Use these email tips to constructively communicate with investors

WeWork 140 Crosby in New York. Photograph by WeWork

For startup founders, forging and maintaining connections with investors is essential for success. Whether you’re sending cold emails or following up with interested investors, you need to know how to communicate effectively. Here’s everything you need to know about when, why, and how to write an email to an investor.

When you should email investors

Most startup founders cite two key reasons for connecting with investors. Email investors when you have one of these main objectives:

  • Pitches: When you’re seeking funding, there’s no better way to start your pitch than by email. Do your best to get a warm introduction from a colleague or from your investor network first. If that proves impossible, but the investor still seems like a great fit for your startup, send a cold email to introduce your startup.
  • Updates: After you’ve made your pitch, secured your funding, and built a connection with an investor, don’t go radio silent. Instead, keep your investors in the loop. Aim for monthly updates that inform investors about progress toward goals, major changes, or significant news. Save time by sending standardized emails that leave a little room for personalized content.

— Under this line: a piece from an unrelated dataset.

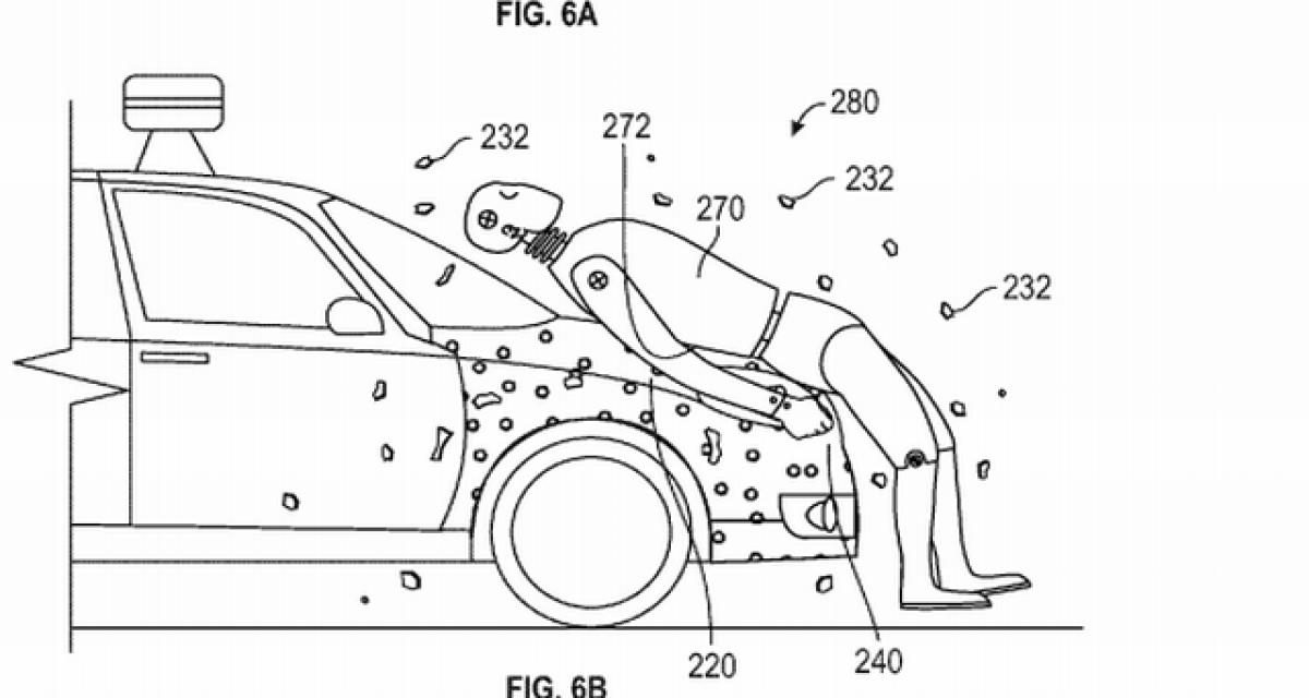 Aucune idée de la fonctionnalité plus concrète du dispositif si par exemple le piéton n’est pas précisément tapé de face ou jusqu’à quelle vitesse d’impact il resterait scotché au capot. Et si le piéton scotché obstrue le champ de vision ?

What you shouldn’t email investors

When you connect with investors by email, take care to avoid a few substantial issues. Never email investors the following:

  • Lengthy introductions: Just like startup founders, investors are incredibly busy. They don’t have time for overly long emails, and you can’t rely on them to dissect long blocks of text to find the meat of your message. Instead of rambling, keep your email concise and straightforward.
  • Irrelevant pitches: You’re wasting your time and the investor’s time if you don’t do your homework. Know which investors would be a good fit for your company, and stop yourself from emailing investors who you know don’t focus on your industry.
  • Aggressive insults: As any of the colleagues in your shared office space can tell you, the startup world is a competitive place. Even if your startup has direct competitors, however, it’s your responsibility to keep things cordial. Never email an investor with insults or complaints about rival startups. It makes you look unprofessional and won’t win you any colleagues.

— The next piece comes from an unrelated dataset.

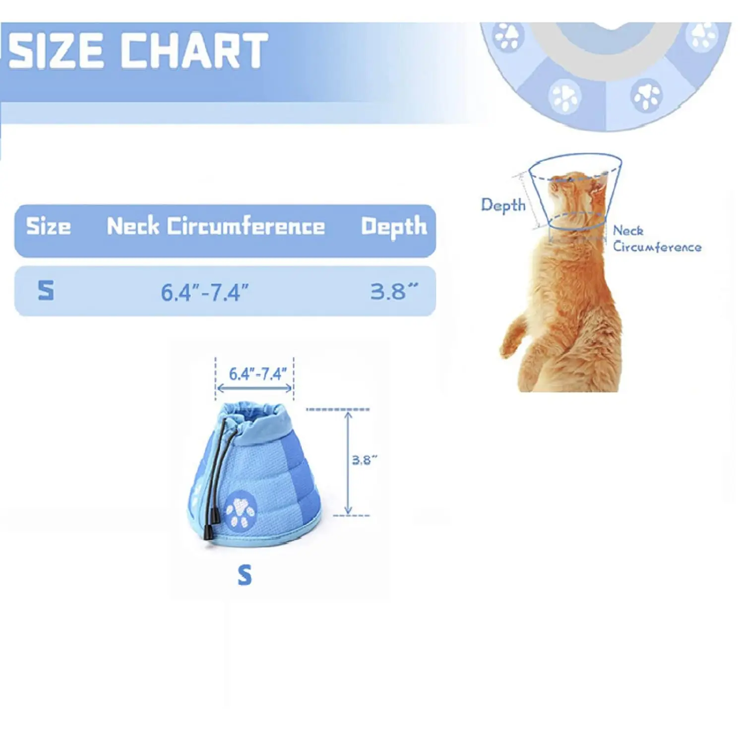 Neck circumference 6.4”-7.4”, depth 3.8”. Drawstring tightens to prevent slipping, while strong velcro ensures a secure fit. Works for kittens, puppies, and small dogs—no need to buy multiple sizes.

The nuts and bolts of emailing investors

No matter how excited you are to connect with investors who seem ideal for your startup, resist the temptation to send a casual email. Follow these steps to send an email that gets the results you want.

Do your research

Never send a truly cold email. Instead, do your research and understand who you’re pitching. Make sure you know more than just the basics of the fund. Identify the fund’s main partners and try connecting with the junior partners instead. Junior partners tend to receive fewer pitches and have more time to consider new ventures, so they may be more open to your cold email.

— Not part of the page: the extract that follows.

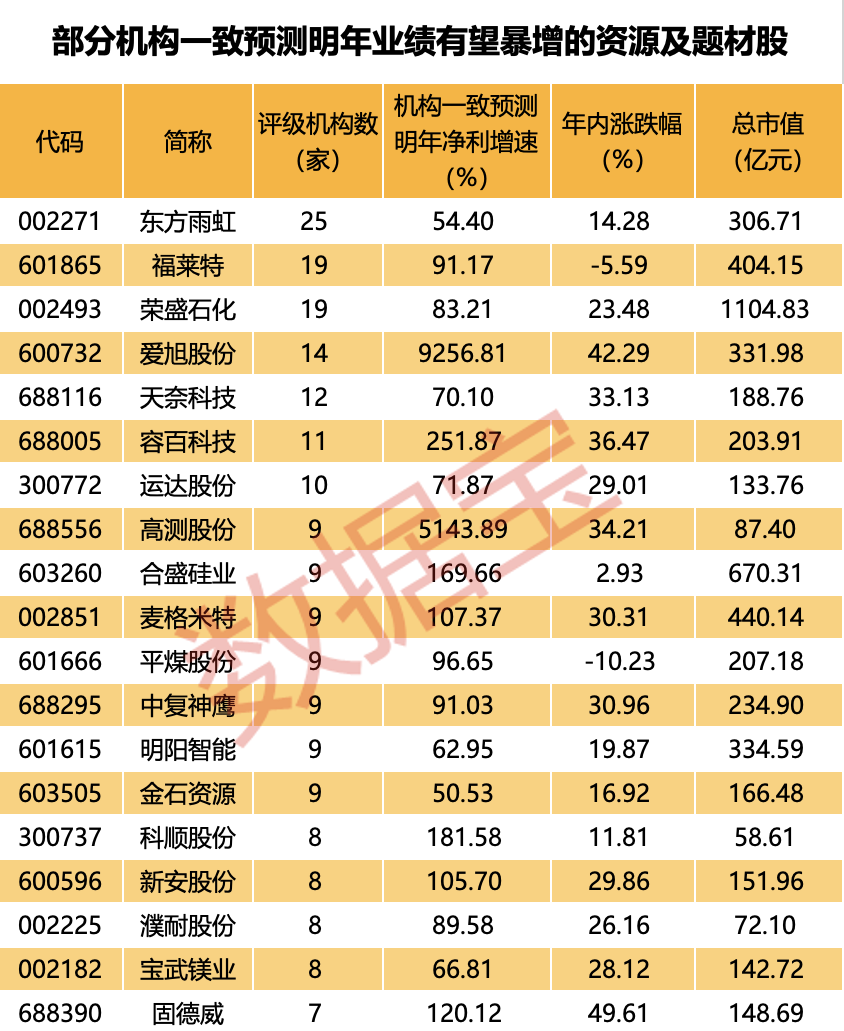 据证券时报·数据宝统计,3家以上机构评级的电力设备、有色金属、钢铁、煤炭、基础化工等行业的个股中,有51股机构一致预测明年净利增速超50%且年内涨幅低于50%。

Use a compelling subject line

Your first email to an investor could be the only opportunity you’ll ever have to get the fund’s attention. That means you don’t want to waste it by using an email subject line that’s easy to ignore or one that could end up in the spam folder.

If you’re emailing for the first time, make that clear with a subject line like, “Introducing [Startup Name], [brief description].” Keep the description to as few words as possible, since most email clients will cut off lengthy subject lines.

If you’re seeking funding for a later round, make that clear in the subject line, too. It can be as simple as mentioning your startup name and brief details of the funds you’re raising.

Start with a concise introduction

Start the email with a single-sentence introduction. It should concisely explain who you are and what your role is within the startup. There’s no need to get more detailed in this initial message.

Highlight the problem your startup solves

Next, introduce your startup. Rather than delving into company history or other details that aren’t pertinent, explain what your company does without devolving into jargon or buzzwords.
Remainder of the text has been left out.